## What to produce
Exact copy, no pictures: return only the lines below from the line with "4年生算数。身近なもので並行" up to and including the line with "游戏并具备组合物品系统了,玩".

## Provided data
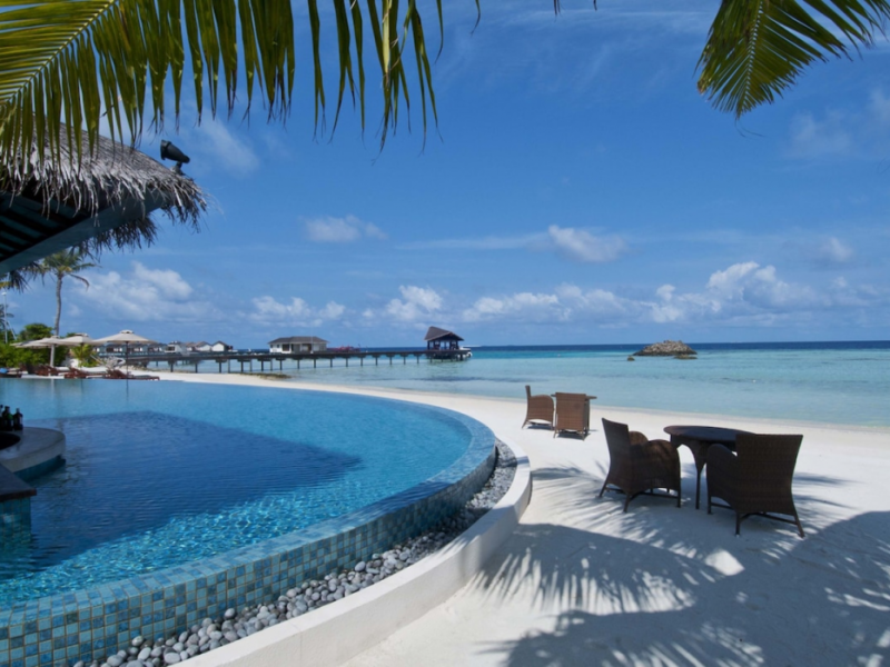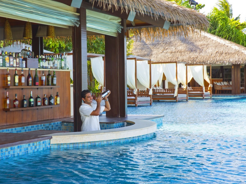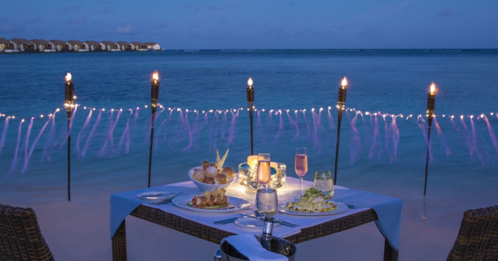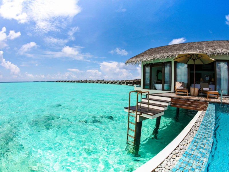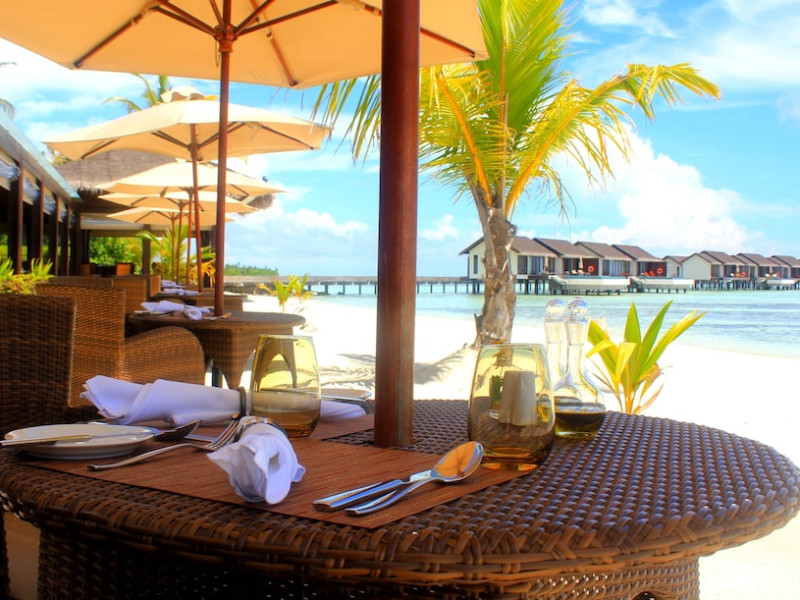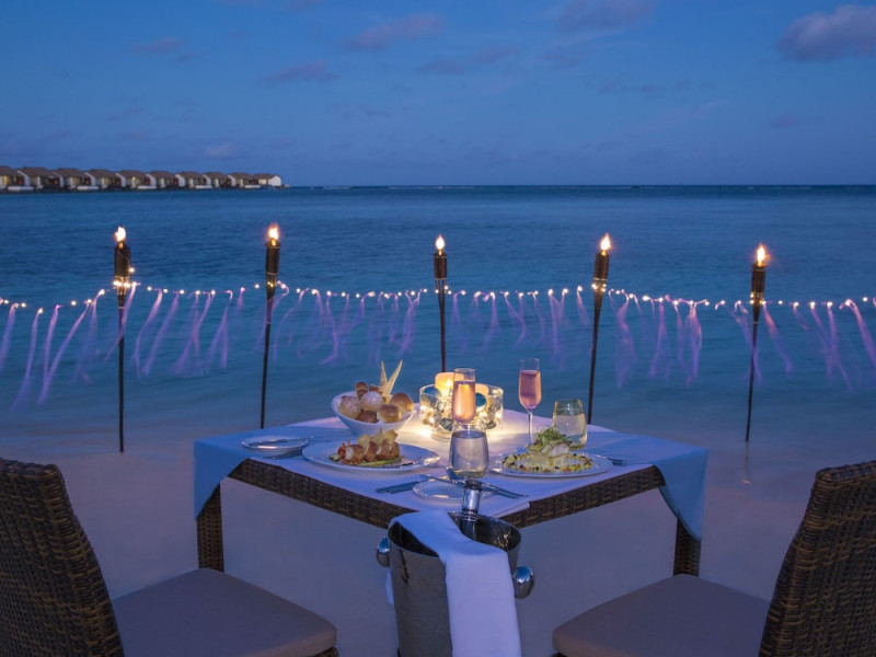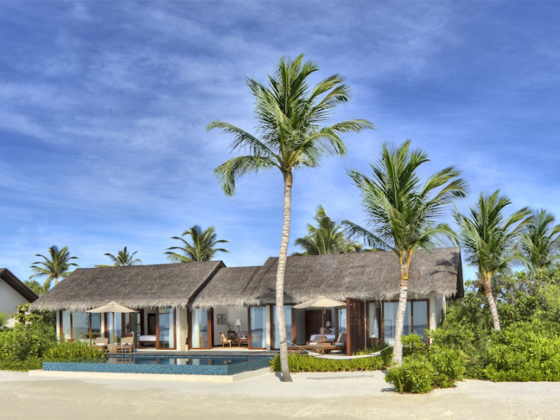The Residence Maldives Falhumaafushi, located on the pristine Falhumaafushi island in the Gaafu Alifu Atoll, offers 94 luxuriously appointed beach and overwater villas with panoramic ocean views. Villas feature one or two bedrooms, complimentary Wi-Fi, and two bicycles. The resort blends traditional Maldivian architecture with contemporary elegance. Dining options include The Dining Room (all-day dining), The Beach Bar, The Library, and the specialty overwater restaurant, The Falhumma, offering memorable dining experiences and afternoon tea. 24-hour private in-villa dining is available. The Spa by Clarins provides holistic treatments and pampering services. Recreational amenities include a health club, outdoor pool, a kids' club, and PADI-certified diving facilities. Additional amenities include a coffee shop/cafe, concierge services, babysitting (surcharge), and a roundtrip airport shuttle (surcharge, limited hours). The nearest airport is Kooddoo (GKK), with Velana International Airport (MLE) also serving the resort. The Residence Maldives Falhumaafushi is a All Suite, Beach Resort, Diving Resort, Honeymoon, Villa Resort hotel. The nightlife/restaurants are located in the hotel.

---

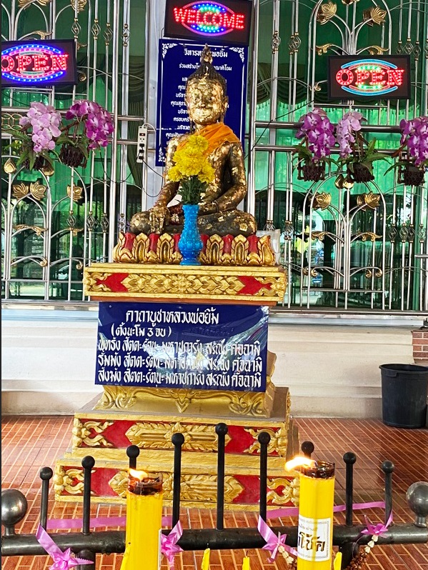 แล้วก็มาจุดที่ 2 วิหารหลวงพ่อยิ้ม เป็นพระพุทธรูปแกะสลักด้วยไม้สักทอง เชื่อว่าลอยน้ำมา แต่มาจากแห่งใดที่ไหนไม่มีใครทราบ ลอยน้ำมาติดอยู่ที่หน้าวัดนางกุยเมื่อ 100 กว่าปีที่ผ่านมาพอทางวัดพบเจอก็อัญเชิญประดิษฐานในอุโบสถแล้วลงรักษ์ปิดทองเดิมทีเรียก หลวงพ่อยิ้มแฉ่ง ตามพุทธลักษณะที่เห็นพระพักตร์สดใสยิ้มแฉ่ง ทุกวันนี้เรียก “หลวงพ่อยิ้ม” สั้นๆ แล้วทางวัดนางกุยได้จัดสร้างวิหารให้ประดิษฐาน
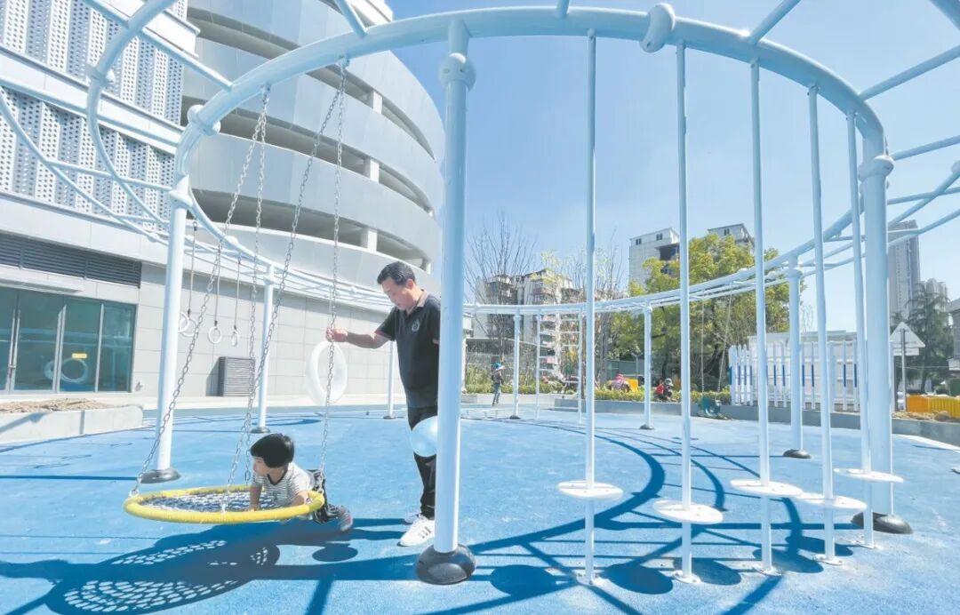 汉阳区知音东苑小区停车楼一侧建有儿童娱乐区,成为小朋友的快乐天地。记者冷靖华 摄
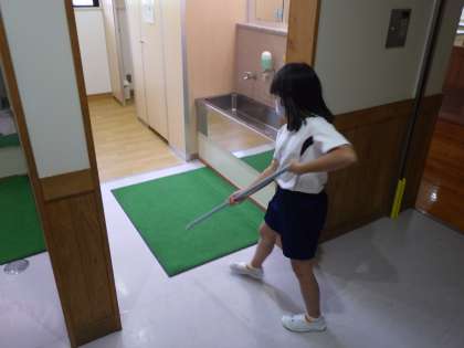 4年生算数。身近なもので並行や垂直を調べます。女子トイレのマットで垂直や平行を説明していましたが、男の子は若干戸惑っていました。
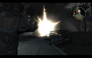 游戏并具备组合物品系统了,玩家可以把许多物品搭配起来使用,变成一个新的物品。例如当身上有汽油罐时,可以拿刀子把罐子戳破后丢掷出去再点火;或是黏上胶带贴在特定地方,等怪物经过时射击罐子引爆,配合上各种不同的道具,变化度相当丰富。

## Solution to this problem
 4年生算数。身近なもので並行や垂直を調べます。女子トイレのマットで垂直や平行を説明していましたが、男の子は若干戸惑っていました。
 游戏并具备组合物品系统了,玩家可以把许多物品搭配起来使用,变成一个新的物品。例如当身上有汽油罐时,可以拿刀子把罐子戳破后丢掷出去再点火;或是黏上胶带贴在特定地方,等怪物经过时射击罐子引爆,配合上各种不同的道具,变化度相当丰富。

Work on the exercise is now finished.